Когда он туда возвращался в бессчетный раз, нежданно увидел Матвея-писаря. Тот сидел в старой шняке, что в песке догнивала век, грел на солнце лицо. Оно землистого цвета, глаза закрыты. От прежнего писаря нет, похоже, и половины. Сколько минуло времени, а Шешелов
– Гуляете, господин городничий? – писарь не шелохнулся, не открыл глаз. В голосе неприязнь.
Шешелов стал у шняки, облокотился. В сердцах, выходит. И видит его давно.
– Какое уж тут гулянье...
– Выжидаете?
– Все выжидают.
Ни шняки, ни паруса на заливе. Недвижно стоит корабль. Паутиной на мачтах снасти, редкий из трубы дым. Что они думают там – знать бы.
– Кто что выжидает, – насмешливо прохрипел писарь.
— Да. Кто что.
– Вы, наверное, – как без крови бы отдать город?
Словно ударили по щеке. Неужто писарь это со зла? Обиды желает? Ссоры? И сдержался, не повернулся к писарю.
– Славно вы колян убаюкали по весне. С землею-то. Слова никто поперек не молвил. – И снова в голосе яд неприязни. Да, явно желает ссоры. Но Шешелов за собою вины не знал. Коляне весною под страхом жили.
Сказал устало:
– Тогда время было опасное, вы знаете.
– Теперь опасности много больше, – писарь, наверное, смотрел на Шешелова. – Не только с борисоглебских – с кольских земель уходить надо. Чтобы опасности не было, – он засмеялся хрипло, довольный собой, закашлял надсадно. – Сдадите город – и опасность минуете, а сами на новое место.
К лицу прихлынула вновь обида. Шешелов медленно повернулся. Глаза с лихорадочным блеском буравили его едко. Без кровинки, обтянуто кожей его лицо. Да, пожалуй, писарь жилец недолгий.
– Матвей Алексеевич... – Шешелов мира хотел.
– Думаешь, я помру скоро? – синие губы искажены злостью. – А это видел? – И показал кукиш. – Вы скорее все отомрете.
Шешелов было шагнул к нему, но писарь отпрянул, костлявый и немощный, раскорякой слезал со шняки.
– И после меня еще будут люди. Не всех околпачили. Они живут уже, эти люди. Есть! И они дождутся своего часа. Ни той, ни этой земли не простят. Можете все отдать! Не ваше! Но они не простят! – Писарь говорил неумолчно, осклабясь. Шешелов не мог слова вставить. Поодаль Пайкин среди зажиточных. Они оборачивались уже, обращали на них внимание. Шешелов сжал кулаки, повернулся, налитый яростью, молча пошел за башню. Шел словно сквозь строй, не поднимал глаз. «Дохляк! Да как ты посмел!»
И сел за башней в тени, закрыл глаза. От гнева его потрясывало. В памяти писарь еще стоял, болезненный, неуклюжий, злой. И хотел себя успокоить: «Не все могут думать как он, не все. Его за землю пороли, позорили принародно. Она тяжкой судьбой ему, горем помнится. А теперь и здоровье взяла болезнь. Собакою на любого взлаешь».

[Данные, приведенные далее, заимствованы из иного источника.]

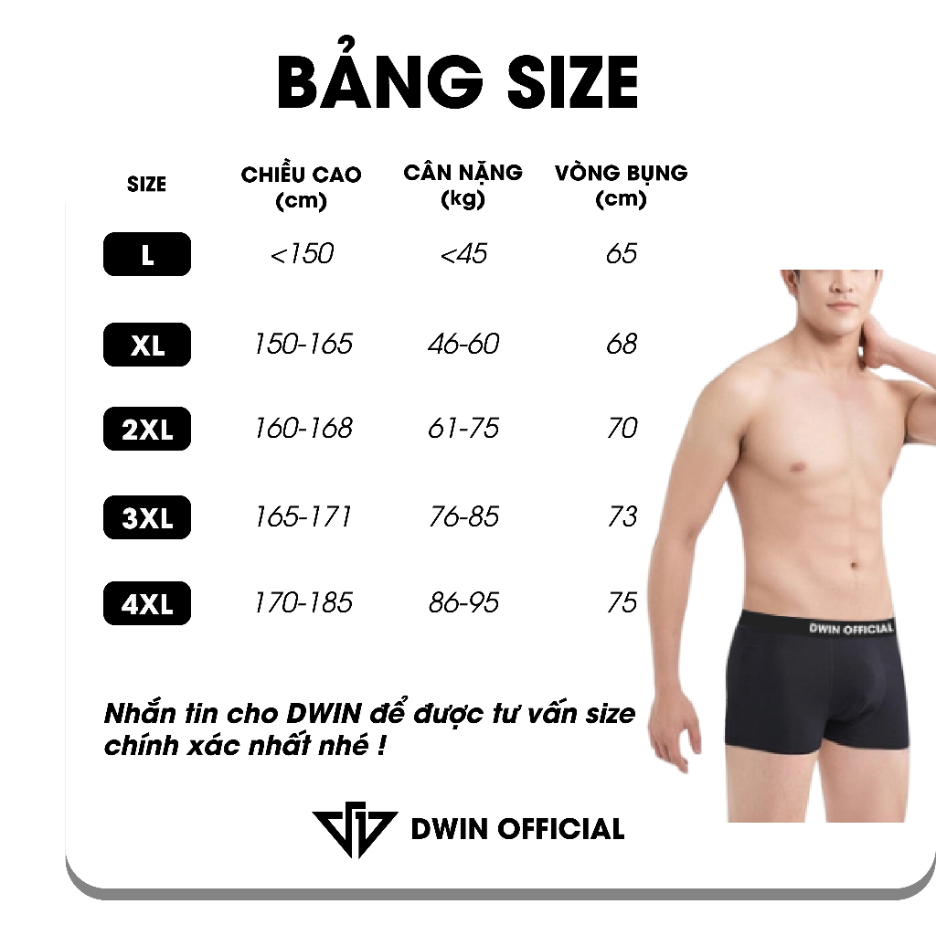 -Size 4XL: 1m70-1m85 (86-95kg)Hướng dẫn sử dụng sịp đùi Dwin :

– Неплохо устроились, – сказал четко голос, и Шешелов приоткрыл глаза. Пушкарев подходил к нему, трезвый, выбритый, в выглаженном мундире. – Я думал, здесь все каруселью вертится, а тут сонное царство. Вы дремлете в холодке.

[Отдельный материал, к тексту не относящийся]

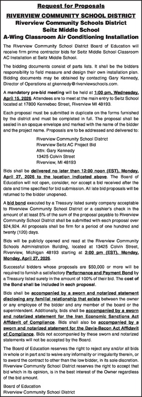 Request for Proposals RIVERVIEW COMMUNITY SCHOOL DISTRICT Riverview Community Schools District – Seitz Middle School A-Wing Classroom Air Conditioning Installation The Riverview Community School District Board of Education will receive firm prime contractor bids for Seitz Middle School Classroom AC Installation at Seitz Middle School. The bidding documents consist of parts lists. It shall be the bidders responsibility to field measure and design their own installation plan. Bidding documents may be obtained by contacting Gary Kennedy, Director of Operations at gkennedy@riverviewschools.com. A mandatory pre-bid meeting will be held at 1:00 pm, Wednesday, April 15, 2026. Attendees are to meet at the main entry to Seitz School located at 17800 Kennebec Street, Riverview MI 48193. Each proposal must be submitted in duplicate on the forms furnished by the district and must be completed in full. The proposal shall be sealed in an opaque envelope and marked with the name of the bidder and the project name. Proposals are to be addressed and delivered to: Riverview Community School District Riverview Seitz AC Project Bid Attn: Gary Kennedy 13425 Colvin Street Riverview, MI 48193 Bids shall be delivered no later than 12:00 noon (EST), Monday, April 27, 2026 to the location indicated above. The Board of Education will not open, consider, nor accept a bid received after the date and time specified for bid submission. All late bid proposals will be returned to the bidder unopened. A bid bond executed by a Treasury listed surety company acceptable to Riverview Community School District or a cashier's check in the amount of at least 5% of the sum of the proposal payable to Riverview Community School District shall be submitted with each proposal over $24,924. All proposals shall be firm for a period of one hundred and twenty (120) days. Bids will be publicly opened and read at the Riverview Community Schools Administration Building, located at 13425 Colvin Street, Riverview, Michigan 48193 starting at 2:00 pm (EST), Monday, Monday, April 27, 2026. Successful bidders whose proposals are $50,000 or more will be required to furnish a satisfactory Performance and Payment Bond by a Treasury listed surety in the amount of 100% of their bid. The cost of the Bond shall be included in each proposal. Bids shall be accompanied by a sworn and notarized statement disclosing any familial relationship that exists between the owner or any employee of the bidder and any member of the board or the superintendent. Additionally, bids shall be accompanied by a sworn and notarized statement for the Iran Economic Sanctions Act Affidavit of Compliance. Bids shall also be accompanied by a sworn and notarized statement for the Davis-Bacon Act Affidavit of Compliance. Bids not accompanied by these sworn and notarized statements will not be accepted by the Board. The Board of Education reserves the right to reject any and/or all bids in whole or in part and to waive any informality or irregularity therein, or to award the contract to other than the low bidder, in its sole discretion. Riverview Community School District reserves the right to accept that bid which in its opinion, is in the best interest of the Owner regardless of the bid amount. Board of Education Riverview Community School District

«Что, и этот с упреками? Впервые с постели встал? Но его хворь – не писаря». И сухо ответил:
– Извольте скромнее быть. Не меня послали защищать город. – И вспомнил, что мира только хотел со всеми. Добавил ворчливей, мягче: – Сильно не развертишься. Шестнадцать пушек на корабле.
Пушкарев еще мало поправился, бледен лицом, и стоять ему еще трудно. Привалился плечом к стене.
– Я слышал. Мы пожива невелика им.
– Видимо, велика, коли не десант шлют. – И подвинулся на доске: – Присаживайтесь. Такой паровик при пушках и Архангельску пригрозить мог бы. Там, пожалуй, их тоже в глаза не видели.